“Marvelous,” she murmured, still taking pictures.

“I beg your pardon?” the tall, square-jawed man standing at her shoulder said coldly. He was the chief of mission for the U.S. embassy here.

“All those people,” Rousset explained, nodding at the Georgians packed below them. Beneath a sea of rose- colored flags and placards, the silent crowd was slowly flowing east toward the Parliament building. “There must be tens of thousands of people down there in the freezing cold. Maybe more. And all of them united in sorrow and grief. Just for one sick man.” She shook her head.

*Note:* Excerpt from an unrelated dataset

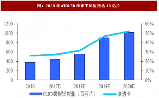 amoled渗透率将快速增加。amoled渗透率两年内将从14%快速上升到26%,且到2020年,渗透率将高达52%,产业产值将超过400亿美元。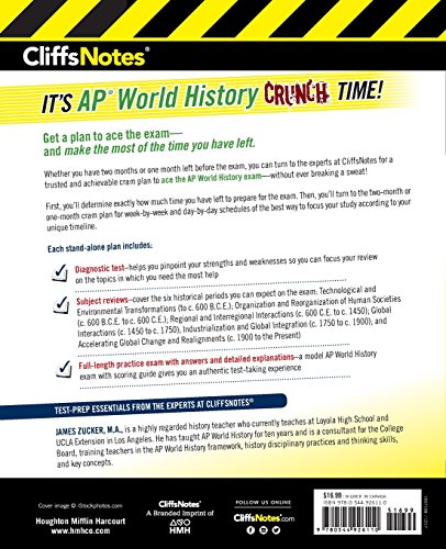 A last-minute cram plan for the AP World History exam! This new edition of CliffsNotes AP World History Cram Plan calendarizes a study plan for the 265,000 AP World History test-takers depending on how much time they have left before they take the May exam. Features of this plan-to-ace-the-exam product include: * 2-months study calendar and 1-month study calendar * Diagnostic exam that helps test-takers pinpoint strengths and weaknesses * Subject reviews that include test tips and chapter-end quizzes * Full-length model practice exam with answers and explanations

“It’s going to make a marvelous story.”

“More like a terrible tragedy,” her companion said tightly. “For Georgia certainly, and perhaps for the whole Caucasus region.”

She lowered the camera and glanced sidelong at him from under her long lashes. “Really? Would you like to explain why … in a way my readers can understand, I mean?”

“Not for attribution?” he asked quietly.

Rousset nodded. “No problem.” She smiled delicately. “Let’s say that you’ll appear in print as ‘an expert Western observer of Georgian politics.’”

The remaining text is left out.